# HOW TO COMPLETE THIS TASK
Exactly and only the lines from the one with "Ugerlov oversized maglione" through the last line of the records need to be set down; please skip the pictures.

________________________________________

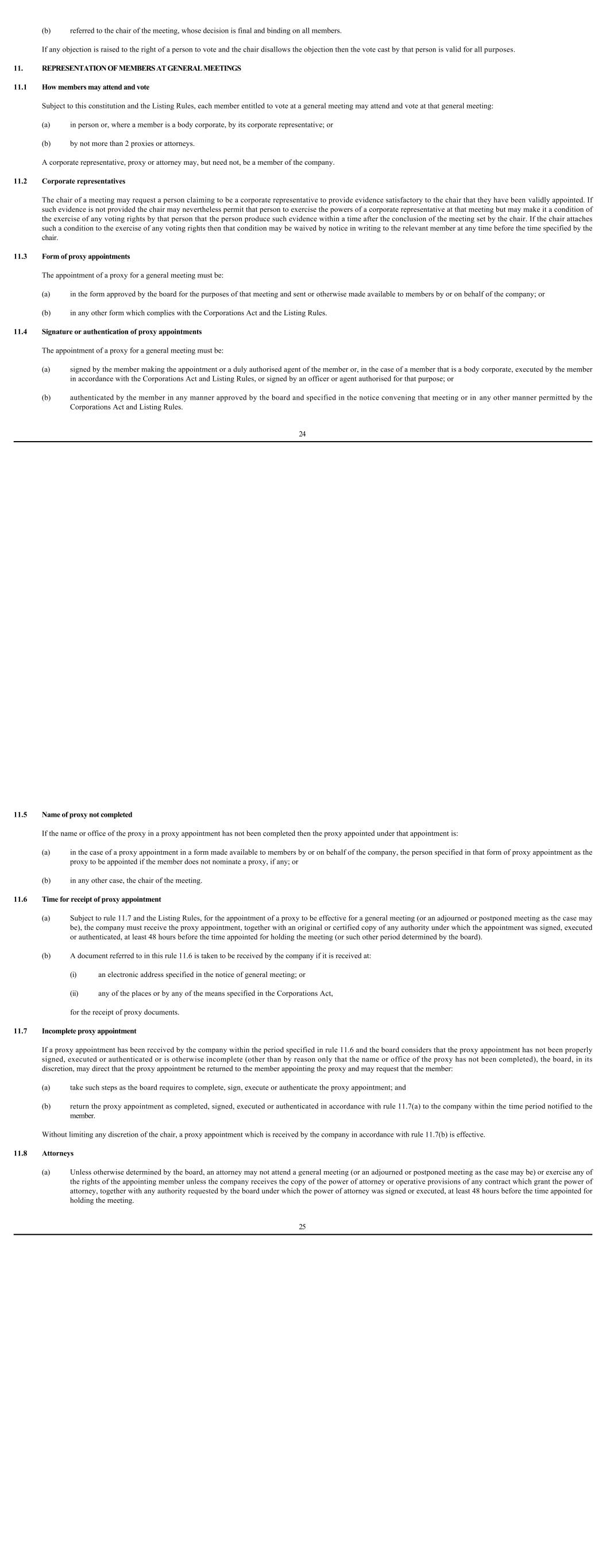 (b) referred to the chair of the meeting, whose decision is final and binding on all members. If any objection is raised to the right of a person to vote and the chair disallows the objection then the vote cast by that person is valid for all purposes. 11. REPRESENTATION OF MEMBERS AT GENERAL MEETINGS 11.1 How members may attend and vote Subject to this constitution and the Listing Rules, each member entitled to vote at a general meeting may attend and vote at that general meeting: (a) in person or, where a member is a body corporate, by its corporate representative; or (b) by not more than 2 proxies or attorneys. A corporate representative, proxy or attorney may, but need not, be a member of the company. 11.2 Corporate representatives The chair of a meeting may request a person claiming to be a corporate representative to provide evidence satisfactory to the chair that they have been validly appointed. If such evidence is not provided the chair may nevertheless permit that person to exercise the powers of a corporate representative at that meeting but may make it a condition of the exercise of any voting rights by that person that the person produce such evidence within a time after the conclusion of the meeting set by the chair. If the chair attaches such a condition to the exercise of any voting rights then that condition may be waived by notice in writing to the relevant member at any time before the time specified by the chair. 11.3 Form of proxy appointments The appointment of a proxy for a general meeting must be: (a) in the form approved by the board for the purposes of that meeting and sent or otherwise made available to members by or on behalf of the company; or (b) in any other form which complies with the Corporations Act and the Listing Rules. 11.4 Signature or authentication of proxy appointments The appointment of a proxy for a general meeting must be: (a) signed by the member making the appointment or a duly authorised agent of the member or, in the case of a member that is a body corporate, executed by the member in accordance with the Corporations Act and Listing Rules, or signed by an officer or agent authorised for that purpose; or (b) authenticated by the member in any manner approved by the board and specified in the notice convening that meeting or in any other manner permitted by the Corporations Act and Listing Rules. 24 11.5 Name of proxy not completed If the name or office of the proxy in a proxy appointment has not been completed then the proxy appointed under that appointment is: (a) in the case of a proxy appointment in a form made available to members by or on behalf of the company, the person specified in that form of proxy appointment as the proxy to be appointed if the member does not nominate a proxy, if any; or (b) in any other case, the chair of the meeting. 11.6 Time for receipt of proxy appointment (a) Subject to rule 11.7 and the Listing Rules, for the appointment of a proxy to be effective for a general meeting (or an adjourned or postponed meeting as the case may be), the company must receive the proxy appointment, together with an original or certified copy of any authority under which the appointment was signed, executed or authenticated, at least 48 hours before the time appointed for holding the meeting (or such other period determined by the board). (b) A document referred to in this rule 11.6 is taken to be received by the company if it is received at: (i) an electronic address specified in the notice of general meeting; or (ii) any of the places or by any of the means specified in the Corporations Act, for the receipt of proxy documents. 11.7 Incomplete proxy appointment If a proxy appointment has been received by the company within the period specified in rule 11.6 and the board considers that the proxy appointment has not been properly signed, executed or authenticated or is otherwise incomplete (other than by reason only that the name or office of the proxy has not been completed), the board, in its discretion, may direct that the proxy appointment be returned to the member appointing the proxy and may request that the member: (a) take such steps as the board requires to complete, sign, execute or authenticate the proxy appointment; and (b) return the proxy appointment as completed, signed, executed or authenticated in accordance with rule 11.7(a) to the company within the time period notified to the member. Without limiting any discretion of the chair, a proxy appointment which is received by the company in accordance with rule 11.7(b) is effective. 11.8 Attorneys (a) Unless otherwise determined by the board, an attorney may not attend a general meeting (or an adjourned or postponed meeting as the case may be) or exercise any of the rights of the appointing member unless the company receives the copy of the power of attorney or operative provisions of any contract which grant the power of attorney, together with any authority requested by the board under which the power of attorney was signed or executed, at least 48 hours before the time appointed for holding the meeting. 25
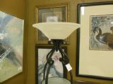 Torchere above three round frosted glass shelves.
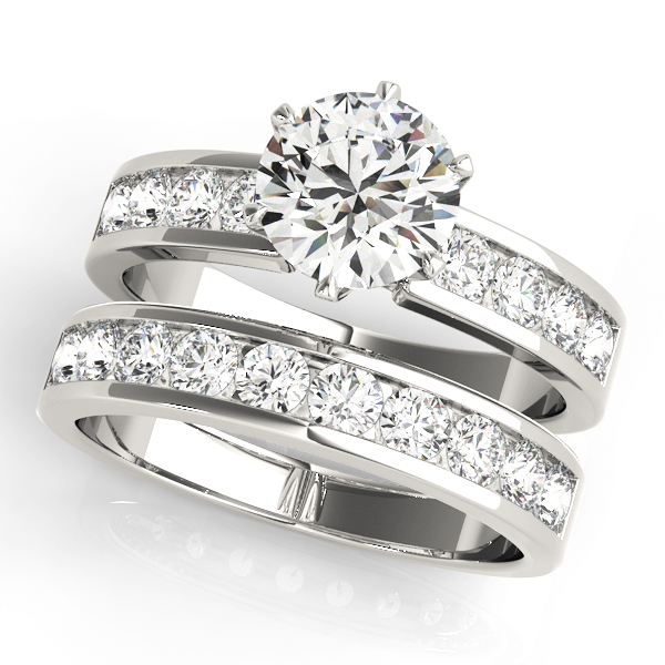 14k White Gold Engagement Ring with 1 – 1.PT Round & 8 – .07PT Round Stones, equal to 1 1/2 carats total weight. This ring has an optional matching Wedding Band. Can be customized to fit any stone and in any material. Please contact Ronelli Corp for custom orders and modification information, as pricing may vary.
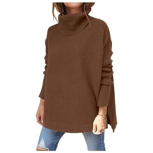 Ugerlov oversized maglione oversize da donna, con maniche a pipistrello, con collo alto, maglia grossa, s/m, 05-kaki, small-medium
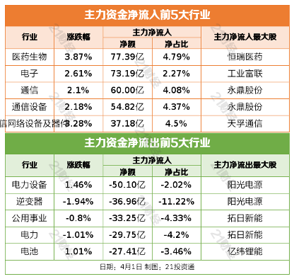 4月1日,市场高开震荡,三大指数均涨超1%,科创50指数涨超3%。截至收盘,沪指涨1.46%,深成指涨1.7%,创业板指涨1.96%。沪深两市成交额2.01万亿,较上一个交易日放量199亿。
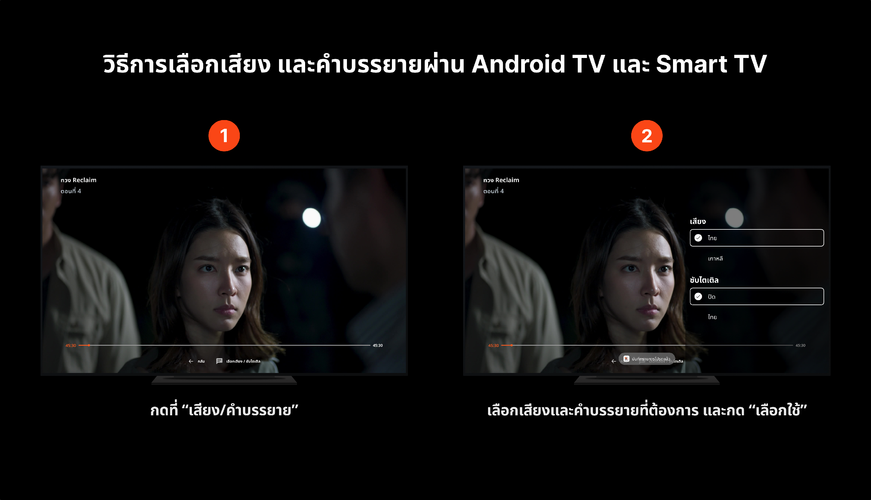 วิธีการเลือกเสียง และคำบรรยายผ่าน Android TV และ Smart TV

________________________________________

# WRITTEN RESPONSE
 Ugerlov oversized maglione oversize da donna, con maniche a pipistrello, con collo alto, maglia grossa, s/m, 05-kaki, small-medium
 4月1日,市场高开震荡,三大指数均涨超1%,科创50指数涨超3%。截至收盘,沪指涨1.46%,深成指涨1.7%,创业板指涨1.96%。沪深两市成交额2.01万亿,较上一个交易日放量199亿。
 วิธีการเลือกเสียง และคำบรรยายผ่าน Android TV และ Smart TV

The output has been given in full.